The team led by Prof Rao has recently discovered a large ultraviolet halo in yet another planetary nebula using AstroSat, and will be looking at many more such objects in the future. They hope that such discoveries may provide the answer to the age old puzzle of the 'missing mass problem in planetary nebulae'.

This discovery was made possible because of the uniqueness of UVIT. Of all the ultraviolet telescopes in space, UVIT is special in its ability to image a large field of view with a very high resolution, or detail. This ability, coupled with a novel image analysis software that ISRO had developed led us to this discovery.

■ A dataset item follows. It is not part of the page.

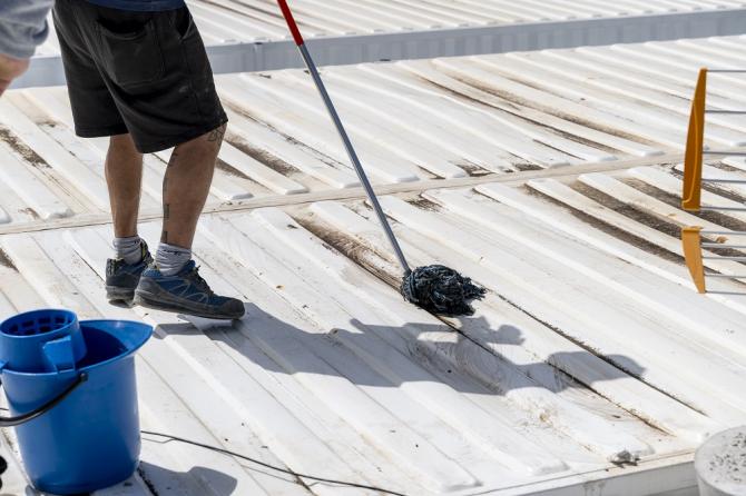 Ante esta situación, el personal de la empresa adjudicataria de estas viviendas modulares, está procediendo a la limpieza con agua del polvo acumulado en los techos de las casas donde se han localizado estas manchas para limpiar el óxido y posterior pintado con una pintura especial en espray para estructuras metálicas al aire libre, como las que se usan en los barcos. Estos trabajos y la supervisión de los técnicos del ICAVI descartan rotundamente que las manchas que se aprecian en los techos de estas casas correspondan con óxido, sólo es polvo y suciedad, que se ha visto incrementado por los últimos episodios de calima que ha sufrido La Palma, manchas que desaparecen con una simple limpieza con agua.

The AstroSat Picture of the Month series, or APOM, is a year-old initiative of the Public Outreach and Education Committee (POEC) of the Astronomical Society, as well as the AstroSat Training and Outreach Team. The aim of APOM is to share the excitement of AstroSat science as well as the beauty of the Universe with the public.

29-Jan-2017: ASTROSAT captures 'Vampire star'

India’s first dedicated space observatory 'ASTROSAT' has captured the rare phenomenon of a small six-billion-year-old “vampire” star preying on a bigger celestial body.

Scientists say the smaller star, also called as “blue straggler,” feeds off its companion star by sucking out its mass and energy, causing its eventual death.